GOAL OF THE EXERCISE: Records follow. Print exactly the lines from the one that has "Celeste shorts in" through the one that has "殺風景な仮校舎ですが、子ども", inclusive, and omit the pictures.

========================

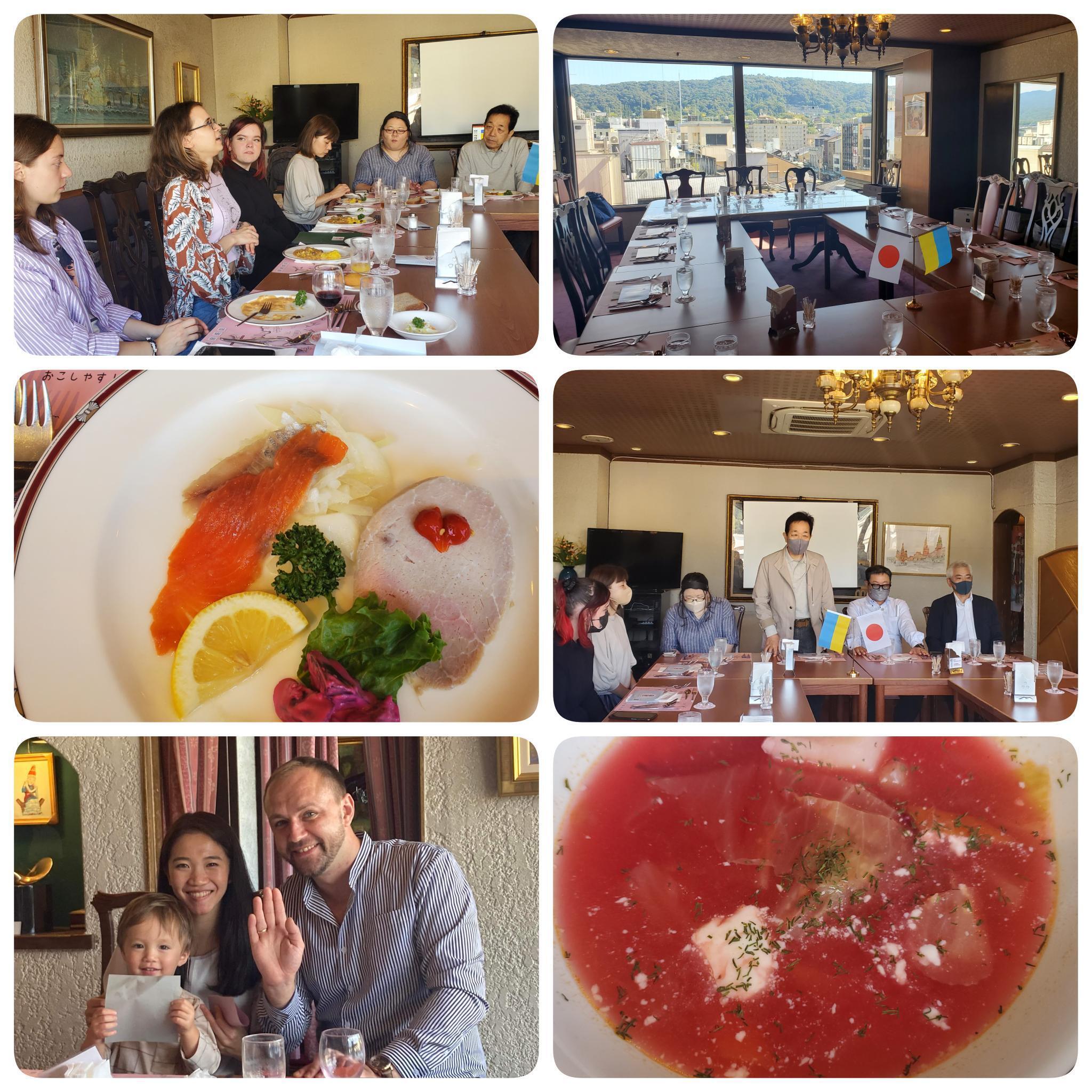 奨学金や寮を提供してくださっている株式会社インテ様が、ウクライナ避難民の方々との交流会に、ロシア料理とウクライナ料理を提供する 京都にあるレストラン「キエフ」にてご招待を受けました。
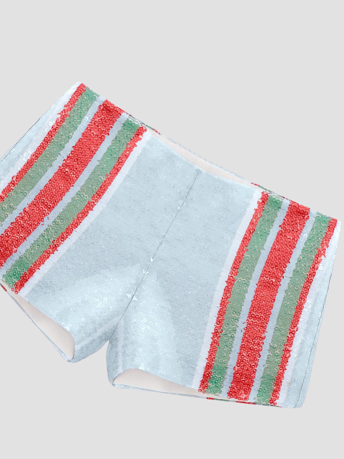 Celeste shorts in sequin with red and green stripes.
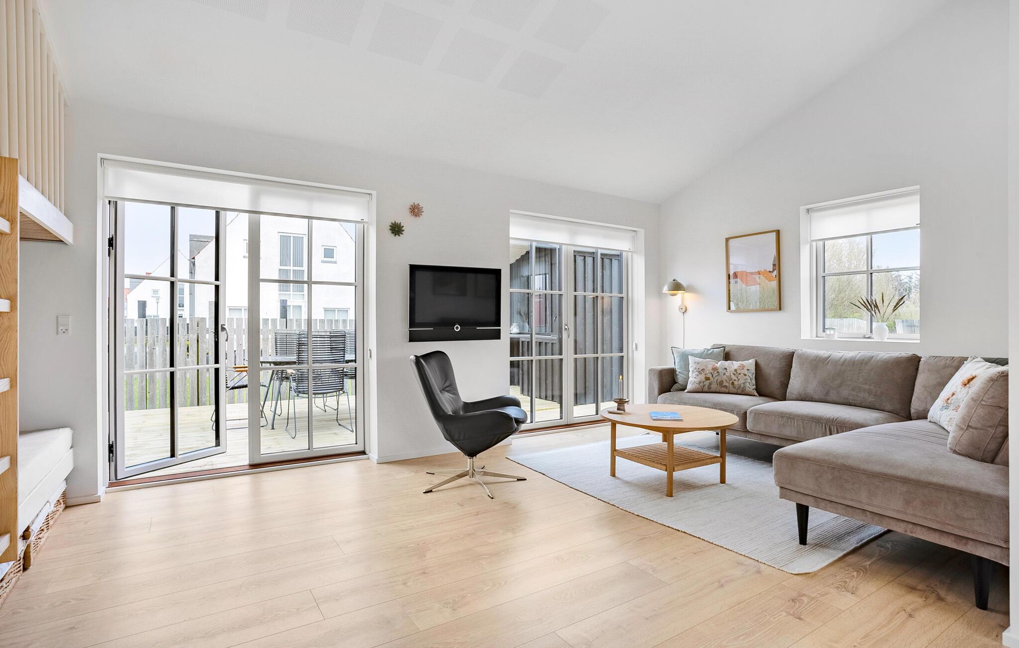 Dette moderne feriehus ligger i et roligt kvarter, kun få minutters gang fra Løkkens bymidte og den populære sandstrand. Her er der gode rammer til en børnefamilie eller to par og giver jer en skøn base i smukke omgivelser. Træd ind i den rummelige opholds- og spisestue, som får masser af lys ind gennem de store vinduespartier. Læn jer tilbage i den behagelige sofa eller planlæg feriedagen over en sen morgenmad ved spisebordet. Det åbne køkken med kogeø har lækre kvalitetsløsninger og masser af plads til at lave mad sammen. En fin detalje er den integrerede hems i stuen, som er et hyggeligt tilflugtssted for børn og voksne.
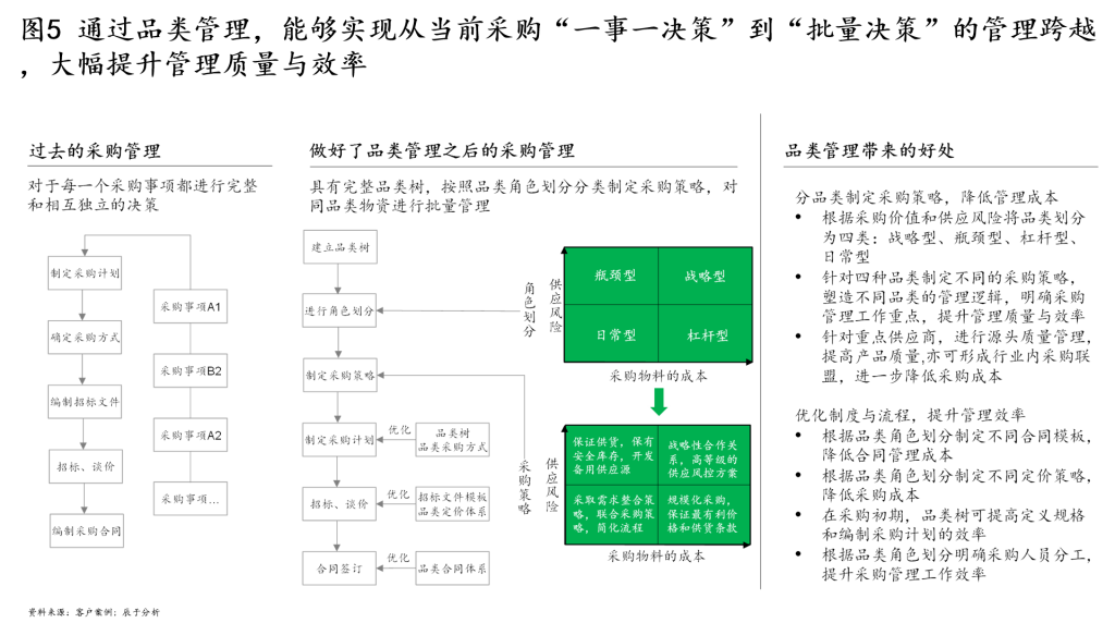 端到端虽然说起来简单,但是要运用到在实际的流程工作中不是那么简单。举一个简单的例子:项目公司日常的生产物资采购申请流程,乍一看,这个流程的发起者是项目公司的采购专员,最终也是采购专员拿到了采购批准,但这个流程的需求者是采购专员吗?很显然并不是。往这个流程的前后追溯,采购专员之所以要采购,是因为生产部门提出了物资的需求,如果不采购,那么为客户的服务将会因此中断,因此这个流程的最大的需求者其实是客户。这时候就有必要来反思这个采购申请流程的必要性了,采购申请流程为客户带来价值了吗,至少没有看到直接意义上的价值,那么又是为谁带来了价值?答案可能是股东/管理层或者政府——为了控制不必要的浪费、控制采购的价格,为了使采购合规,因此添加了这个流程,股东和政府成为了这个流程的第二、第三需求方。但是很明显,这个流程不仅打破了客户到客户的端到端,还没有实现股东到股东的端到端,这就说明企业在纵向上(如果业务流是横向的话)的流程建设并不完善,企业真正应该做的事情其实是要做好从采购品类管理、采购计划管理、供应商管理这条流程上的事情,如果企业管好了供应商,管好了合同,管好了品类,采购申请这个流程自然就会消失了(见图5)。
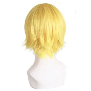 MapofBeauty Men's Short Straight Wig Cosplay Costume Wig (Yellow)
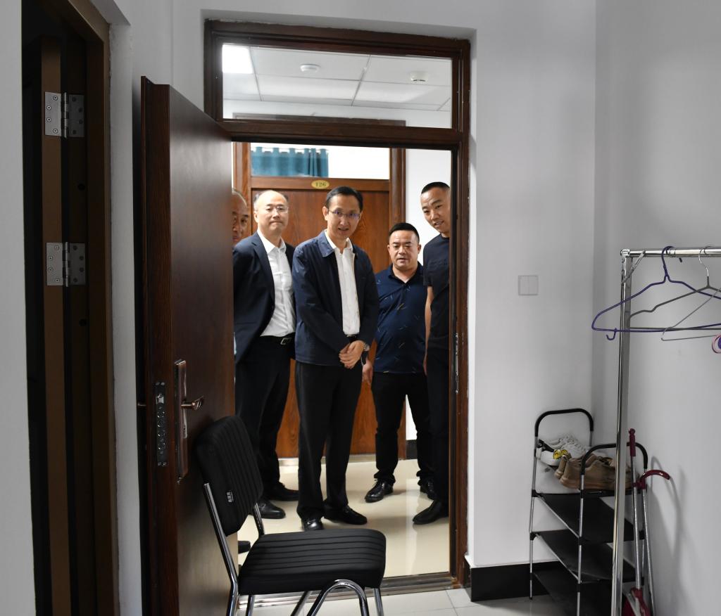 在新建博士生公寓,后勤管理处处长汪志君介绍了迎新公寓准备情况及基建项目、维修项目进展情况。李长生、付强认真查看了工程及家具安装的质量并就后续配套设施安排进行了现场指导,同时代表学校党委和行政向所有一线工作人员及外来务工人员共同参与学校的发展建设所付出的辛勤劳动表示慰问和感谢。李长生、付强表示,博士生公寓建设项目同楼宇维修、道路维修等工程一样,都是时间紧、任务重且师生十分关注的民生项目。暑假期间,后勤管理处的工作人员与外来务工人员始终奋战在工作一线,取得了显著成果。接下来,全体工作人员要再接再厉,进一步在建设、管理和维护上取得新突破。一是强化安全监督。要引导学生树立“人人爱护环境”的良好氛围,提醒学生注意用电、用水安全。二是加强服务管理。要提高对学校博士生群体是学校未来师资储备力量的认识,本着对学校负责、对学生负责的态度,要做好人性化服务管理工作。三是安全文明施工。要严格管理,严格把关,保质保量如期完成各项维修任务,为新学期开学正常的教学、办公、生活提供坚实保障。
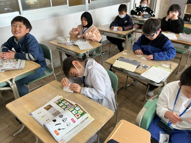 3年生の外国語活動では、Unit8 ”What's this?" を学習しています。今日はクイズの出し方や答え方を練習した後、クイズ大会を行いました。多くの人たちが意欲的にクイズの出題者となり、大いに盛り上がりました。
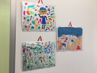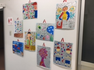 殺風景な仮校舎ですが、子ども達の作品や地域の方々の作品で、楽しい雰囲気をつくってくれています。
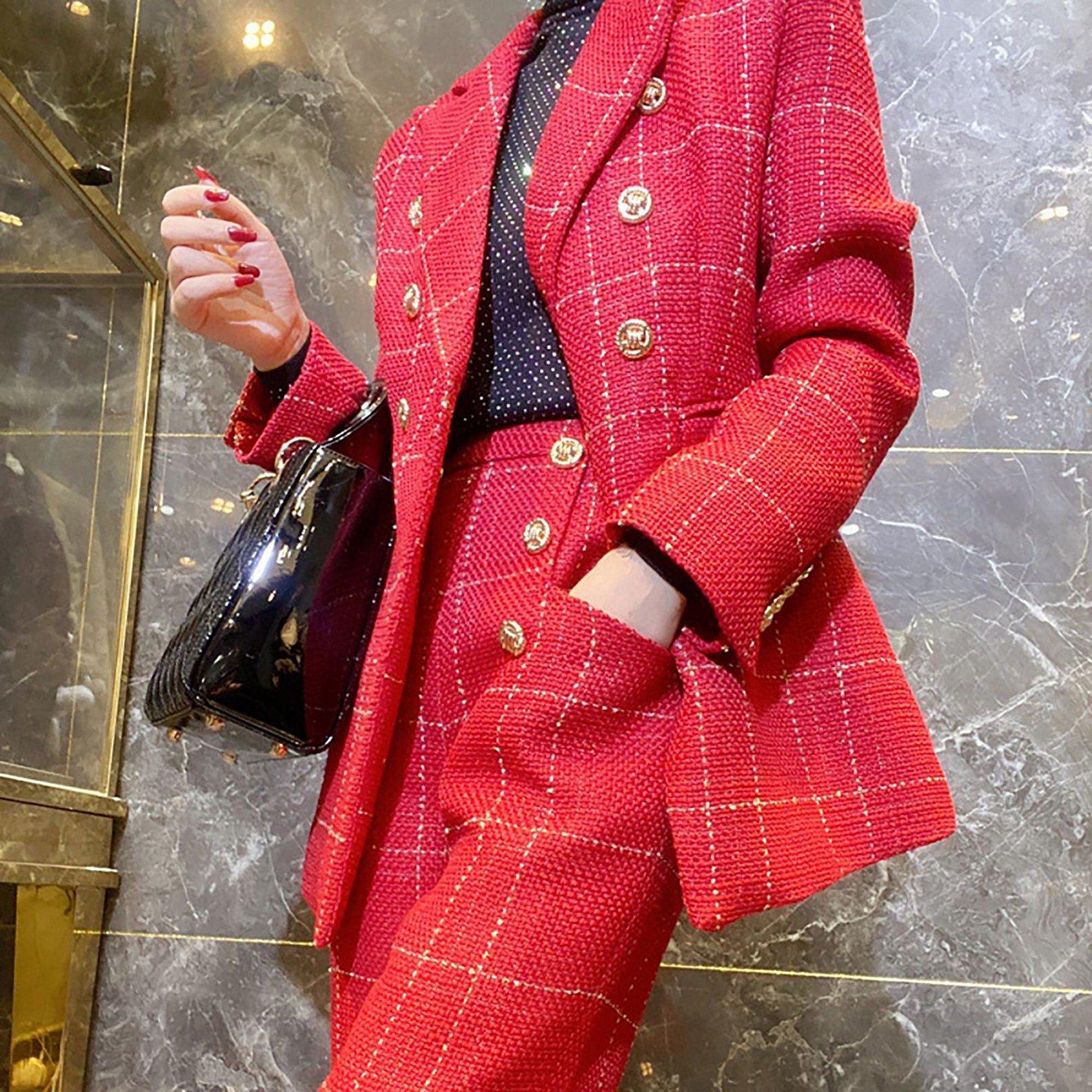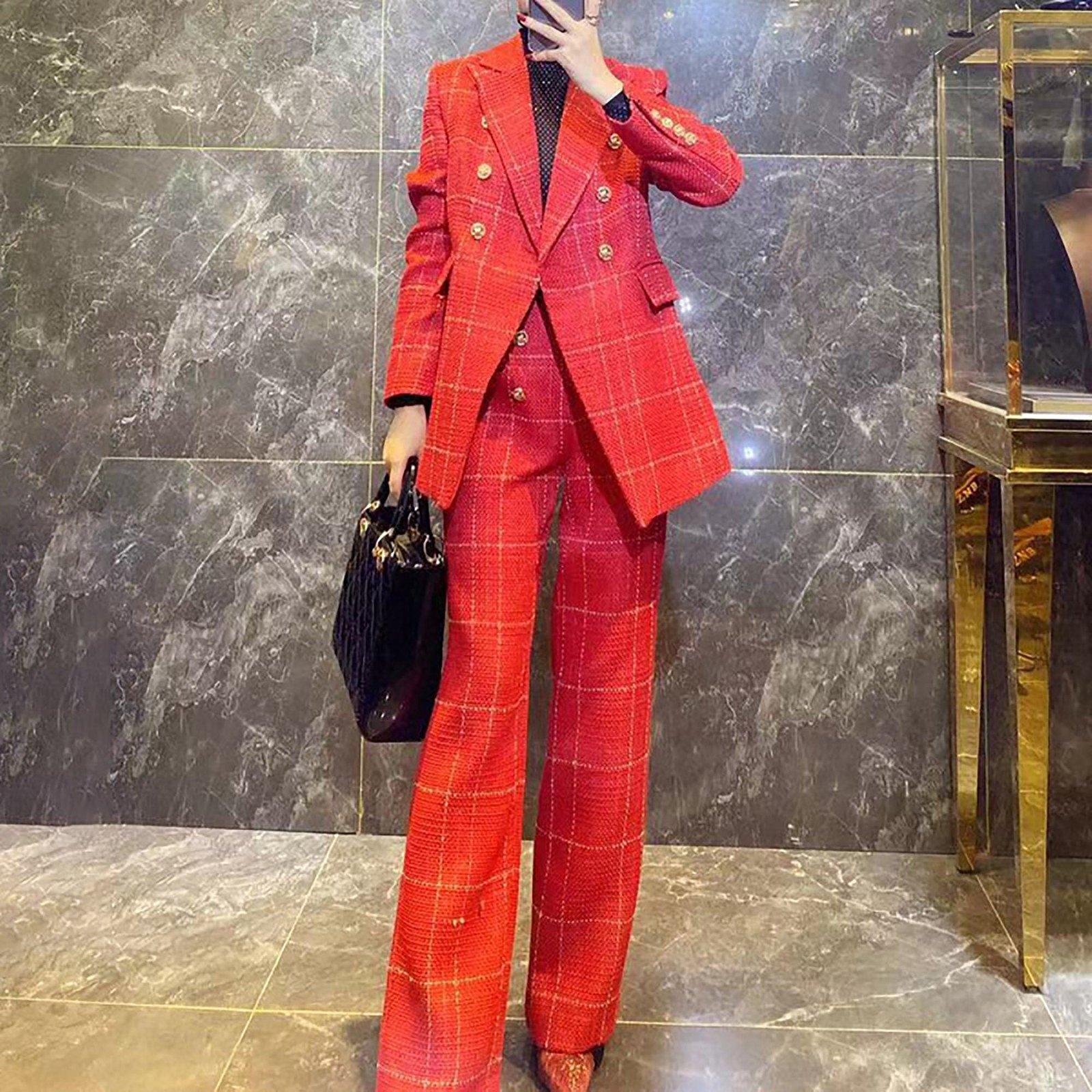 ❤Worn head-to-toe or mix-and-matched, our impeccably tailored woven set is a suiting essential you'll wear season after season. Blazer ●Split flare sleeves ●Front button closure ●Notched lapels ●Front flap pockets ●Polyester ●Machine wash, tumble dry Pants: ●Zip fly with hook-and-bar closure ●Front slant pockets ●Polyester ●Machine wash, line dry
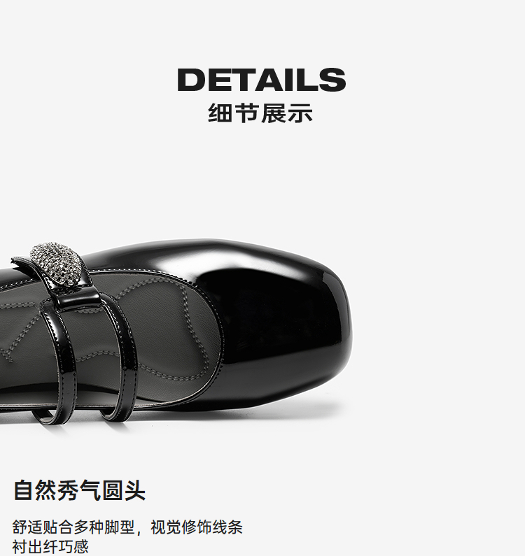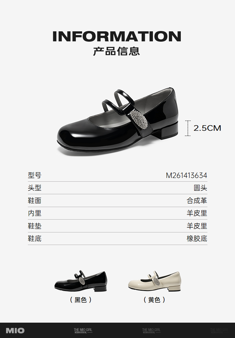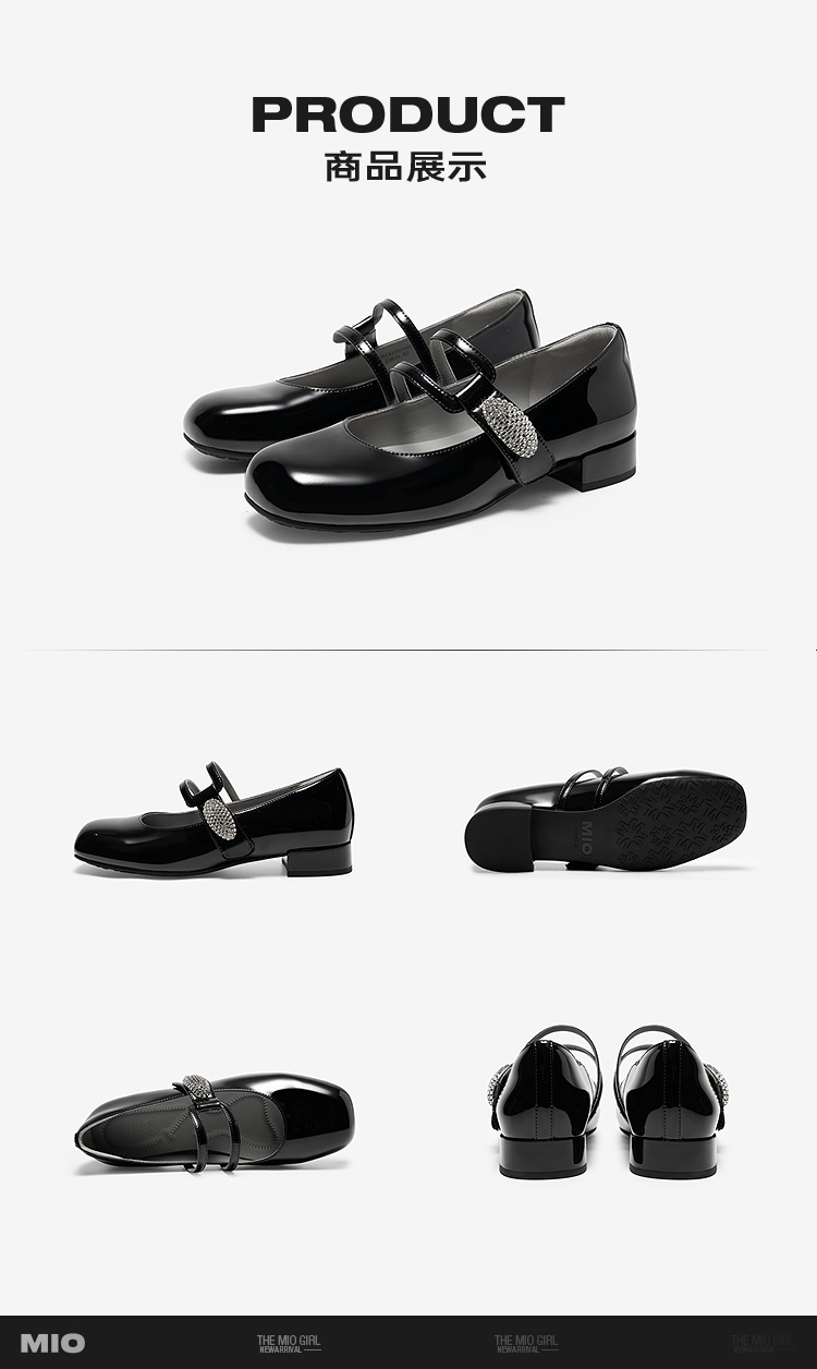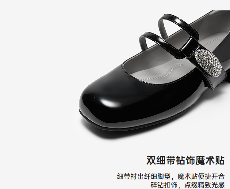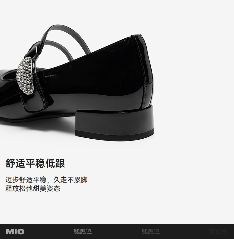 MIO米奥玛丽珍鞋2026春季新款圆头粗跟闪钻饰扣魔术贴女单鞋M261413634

========================

ANSWER TO THE PROBLEM:
 Celeste shorts in sequin with red and green stripes.
 Dette moderne feriehus ligger i et roligt kvarter, kun få minutters gang fra Løkkens bymidte og den populære sandstrand. Her er der gode rammer til en børnefamilie eller to par og giver jer en skøn base i smukke omgivelser. Træd ind i den rummelige opholds- og spisestue, som får masser af lys ind gennem de store vinduespartier. Læn jer tilbage i den behagelige sofa eller planlæg feriedagen over en sen morgenmad ved spisebordet. Det åbne køkken med kogeø har lækre kvalitetsløsninger og masser af plads til at lave mad sammen. En fin detalje er den integrerede hems i stuen, som er et hyggeligt tilflugtssted for børn og voksne.
 端到端虽然说起来简单,但是要运用到在实际的流程工作中不是那么简单。举一个简单的例子:项目公司日常的生产物资采购申请流程,乍一看,这个流程的发起者是项目公司的采购专员,最终也是采购专员拿到了采购批准,但这个流程的需求者是采购专员吗?很显然并不是。往这个流程的前后追溯,采购专员之所以要采购,是因为生产部门提出了物资的需求,如果不采购,那么为客户的服务将会因此中断,因此这个流程的最大的需求者其实是客户。这时候就有必要来反思这个采购申请流程的必要性了,采购申请流程为客户带来价值了吗,至少没有看到直接意义上的价值,那么又是为谁带来了价值?答案可能是股东/管理层或者政府——为了控制不必要的浪费、控制采购的价格,为了使采购合规,因此添加了这个流程,股东和政府成为了这个流程的第二、第三需求方。但是很明显,这个流程不仅打破了客户到客户的端到端,还没有实现股东到股东的端到端,这就说明企业在纵向上(如果业务流是横向的话)的流程建设并不完善,企业真正应该做的事情其实是要做好从采购品类管理、采购计划管理、供应商管理这条流程上的事情,如果企业管好了供应商,管好了合同,管好了品类,采购申请这个流程自然就会消失了(见图5)。
 MapofBeauty Men's Short Straight Wig Cosplay Costume Wig (Yellow)
 在新建博士生公寓,后勤管理处处长汪志君介绍了迎新公寓准备情况及基建项目、维修项目进展情况。李长生、付强认真查看了工程及家具安装的质量并就后续配套设施安排进行了现场指导,同时代表学校党委和行政向所有一线工作人员及外来务工人员共同参与学校的发展建设所付出的辛勤劳动表示慰问和感谢。李长生、付强表示,博士生公寓建设项目同楼宇维修、道路维修等工程一样,都是时间紧、任务重且师生十分关注的民生项目。暑假期间,后勤管理处的工作人员与外来务工人员始终奋战在工作一线,取得了显著成果。接下来,全体工作人员要再接再厉,进一步在建设、管理和维护上取得新突破。一是强化安全监督。要引导学生树立“人人爱护环境”的良好氛围,提醒学生注意用电、用水安全。二是加强服务管理。要提高对学校博士生群体是学校未来师资储备力量的认识,本着对学校负责、对学生负责的态度,要做好人性化服务管理工作。三是安全文明施工。要严格管理,严格把关,保质保量如期完成各项维修任务,为新学期开学正常的教学、办公、生活提供坚实保障。
 3年生の外国語活動では、Unit8 ”What's this?" を学習しています。今日はクイズの出し方や答え方を練習した後、クイズ大会を行いました。多くの人たちが意欲的にクイズの出題者となり、大いに盛り上がりました。
 殺風景な仮校舎ですが、子ども達の作品や地域の方々の作品で、楽しい雰囲気をつくってくれています。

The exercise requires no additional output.